• [INSTRUCTIONS TO FOLLOW]: Exact copies of all entries are needed. Pictures are to be left out.

START RECORDS

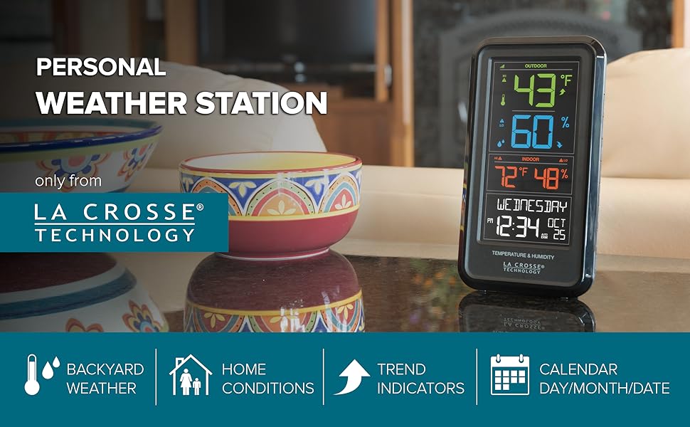 La Crosse Technology's wireless color weather station serves as your personal meteorologist, allowing you to check backyard temperature and humidity effortlessly. It features programmable alerts for extreme climate changes, a dynamic multi-color display, and a calendar view. With a 300 ft range and versatile mounting options, it ensures reliable monitoring.
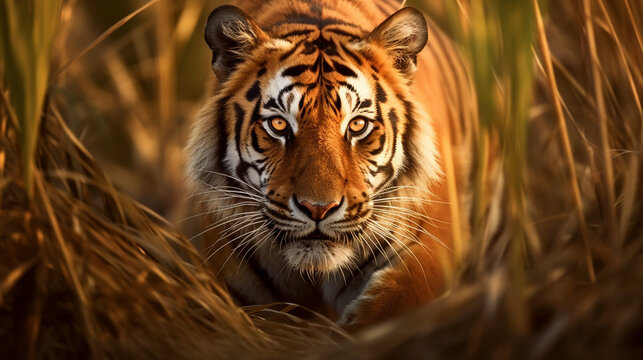 Intense gaze of a majestic bengal tiger in shadowy habitat
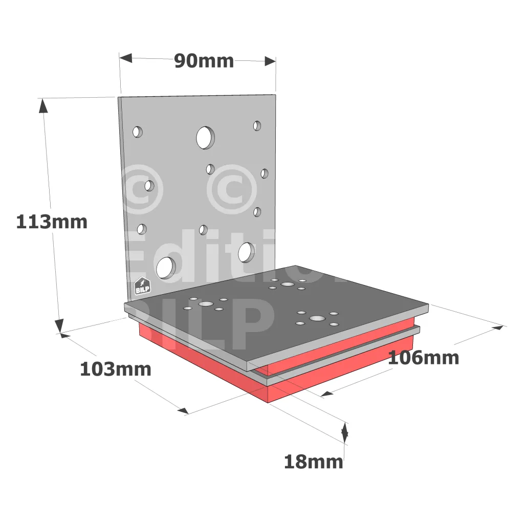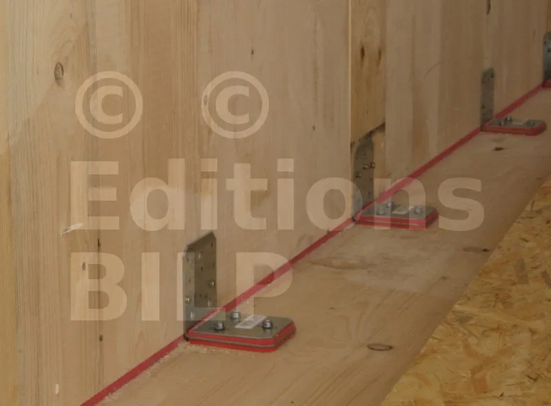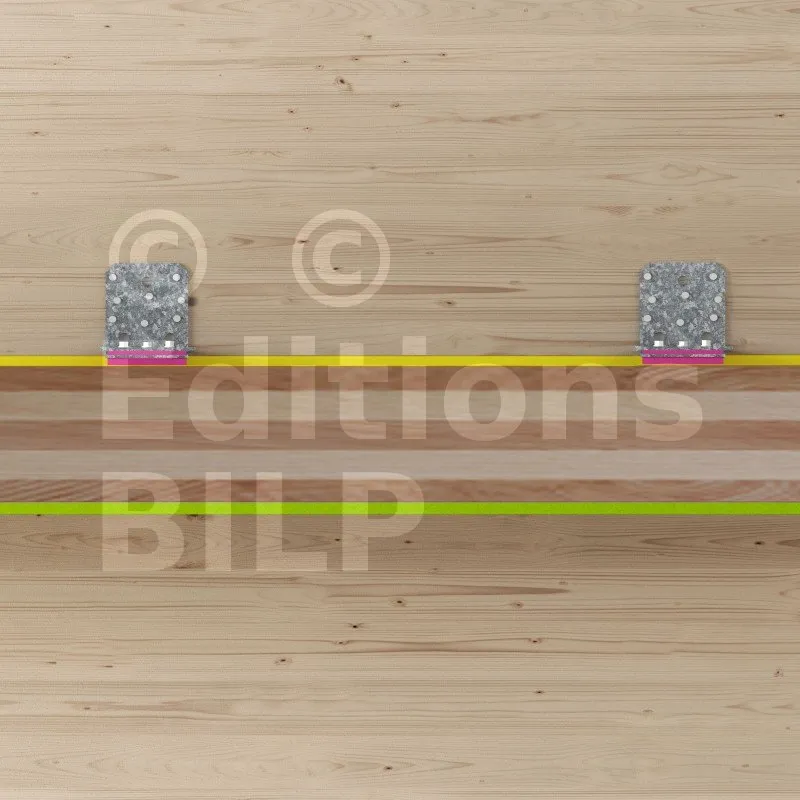 Pour une efficacité totale, la présence d’une bande Sylodyn® sous les panneaux murs CLT est impérative. Le choix des bandes Sylodyn® dépend du poids du mur (voir tableau ci-dessous). Un gabarit de montage (réf. MOABAI) est disponible pour une meilleure pose de l’équerre ABAI. Il évite en effet la compression de la bande de Sylodyn® présente sous l’équerre.
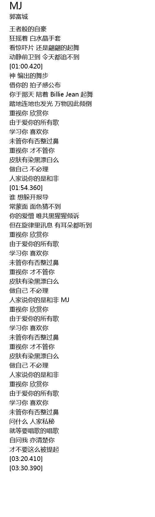 | [01:21.260] | 你于那天 陪着 Billie Jean 起舞 |
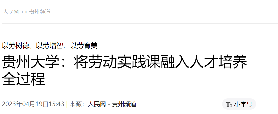 立德树人要融入思想道德教育、文化知识教育、社会实践教育等各环节。如何更好融入?贵州大学将德育贯穿整个劳动实践课程。
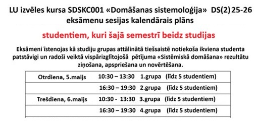 Studenti, kuri šajā semestrī beidz studijas, šī izvēles kursa eksāmenu kārtos otrdien, 5.05.26 un trešdien 6.05.26. Pieteikšanās savlaicīgi līdz piektdienai, 24.04.26.
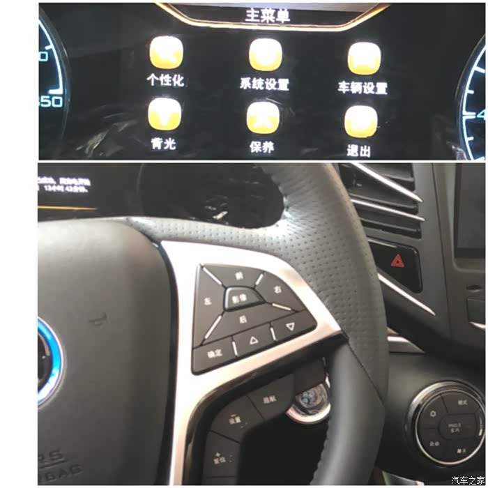 右侧主要是中控台屏的一个360度全景影像,点击影像按键后,前后左右的操作切换中控屏的影像显示。下方是仪表盘的中间多媒体的操作,通过上下三角箭头的操作切换,确定后可以进入相对的页面设置等。
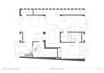 The Nizzamudin residence is planned as an upside-down house with a rooftop garden and pool, moving down to the living and dining areas and further down to the private sleeping spaces. The scheme responds well to a tight location, compact site and exciting client expectations.
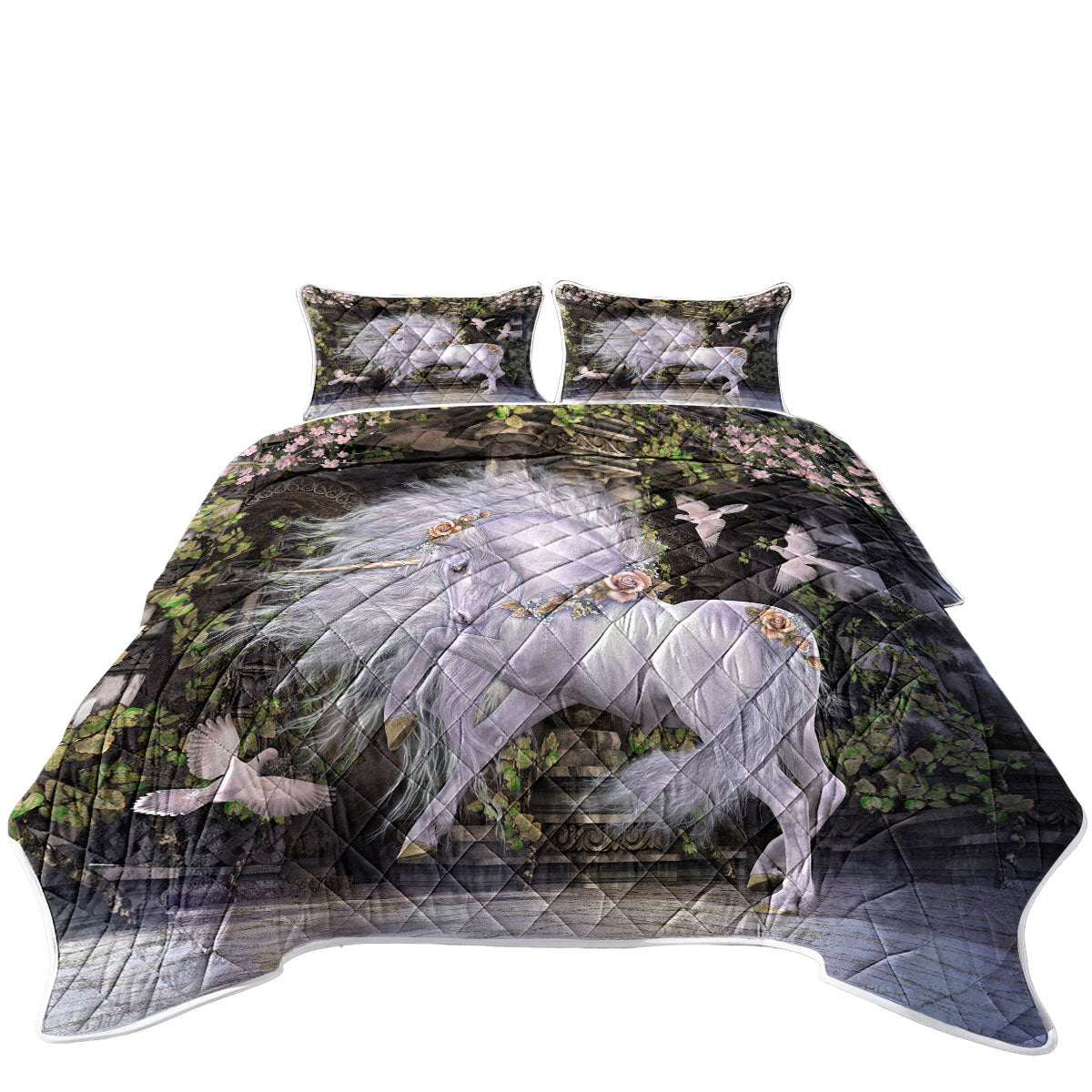 Noble and Graceful White Horse and Doves Quilt
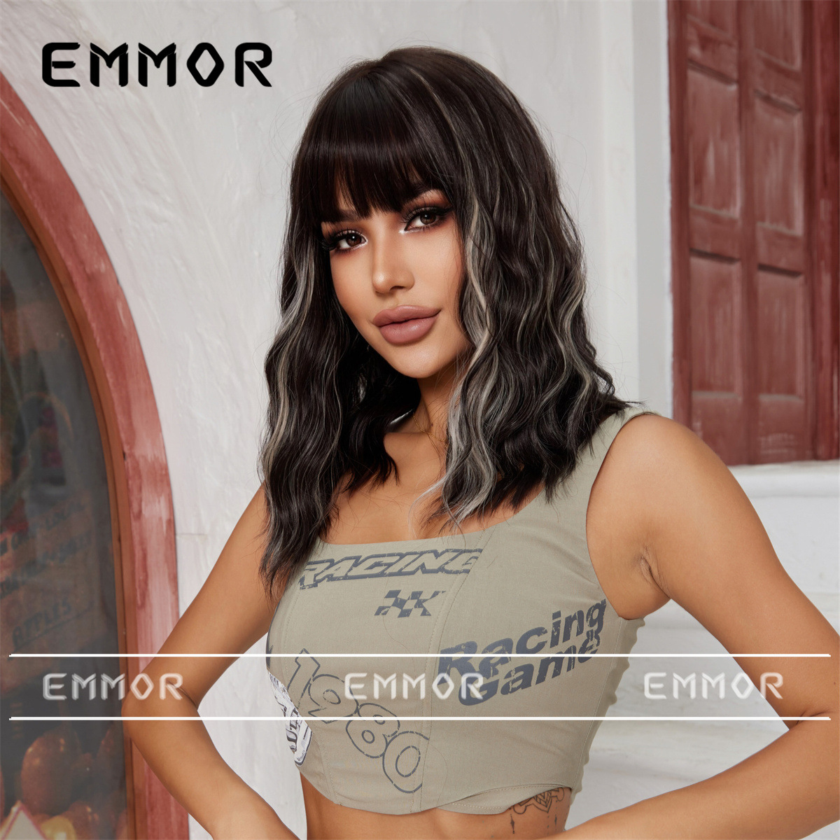 Emmor peluca multicolor flequillo opcional pelo corto y rizado cabeza Bobo Internet celebridad personalidad temperamento perezoso fibra química sombrero
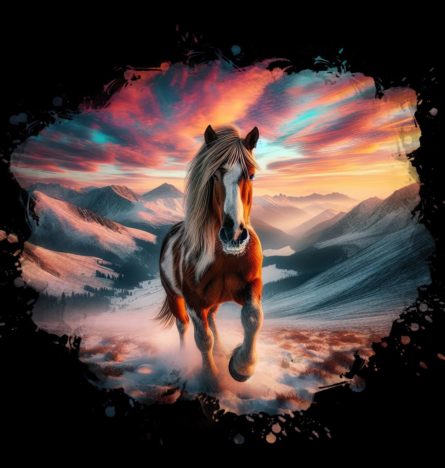 Pánské tričko Svobodný Kůň v Horách. Tenhle kůň si na nic nehraje. Prostě běží, protože může. Před ním otevřené hory, pod kopyty sníh a v hlavě klid, který dneska hledáme všichni. Motiv zachycuje sílu, eleganci a nespoutanost, kterou koně mají přirozeně v sobě. Je to obraz svobody, ticha a prostoru, kde se dýchá trochu líp než ve městě.
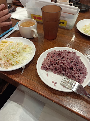券売機で食券を購入して、着席すると 食べ放題のサラダとライスとスープを取りに行くシステム。

END RECORDS

• [EXERCISE SOLUTION]:
 La Crosse Technology's wireless color weather station serves as your personal meteorologist, allowing you to check backyard temperature and humidity effortlessly. It features programmable alerts for extreme climate changes, a dynamic multi-color display, and a calendar view. With a 300 ft range and versatile mounting options, it ensures reliable monitoring.
 Intense gaze of a majestic bengal tiger in shadowy habitat
 Pour une efficacité totale, la présence d’une bande Sylodyn® sous les panneaux murs CLT est impérative. Le choix des bandes Sylodyn® dépend du poids du mur (voir tableau ci-dessous). Un gabarit de montage (réf. MOABAI) est disponible pour une meilleure pose de l’équerre ABAI. Il évite en effet la compression de la bande de Sylodyn® présente sous l’équerre.
 | [01:21.260] | 你于那天 陪着 Billie Jean 起舞 |
 立德树人要融入思想道德教育、文化知识教育、社会实践教育等各环节。如何更好融入?贵州大学将德育贯穿整个劳动实践课程。
 Studenti, kuri šajā semestrī beidz studijas, šī izvēles kursa eksāmenu kārtos otrdien, 5.05.26 un trešdien 6.05.26. Pieteikšanās savlaicīgi līdz piektdienai, 24.04.26.
 右侧主要是中控台屏的一个360度全景影像,点击影像按键后,前后左右的操作切换中控屏的影像显示。下方是仪表盘的中间多媒体的操作,通过上下三角箭头的操作切换,确定后可以进入相对的页面设置等。
 The Nizzamudin residence is planned as an upside-down house with a rooftop garden and pool, moving down to the living and dining areas and further down to the private sleeping spaces. The scheme responds well to a tight location, compact site and exciting client expectations.
 Noble and Graceful White Horse and Doves Quilt
 Emmor peluca multicolor flequillo opcional pelo corto y rizado cabeza Bobo Internet celebridad personalidad temperamento perezoso fibra química sombrero
 Pánské tričko Svobodný Kůň v Horách. Tenhle kůň si na nic nehraje. Prostě běží, protože může. Před ním otevřené hory, pod kopyty sníh a v hlavě klid, který dneska hledáme všichni. Motiv zachycuje sílu, eleganci a nespoutanost, kterou koně mají přirozeně v sobě. Je to obraz svobody, ticha a prostoru, kde se dýchá trochu líp než ve městě.
券売機で食券を購入して、着席すると 食べ放題のサラダとライスとスープを取りに行くシステム。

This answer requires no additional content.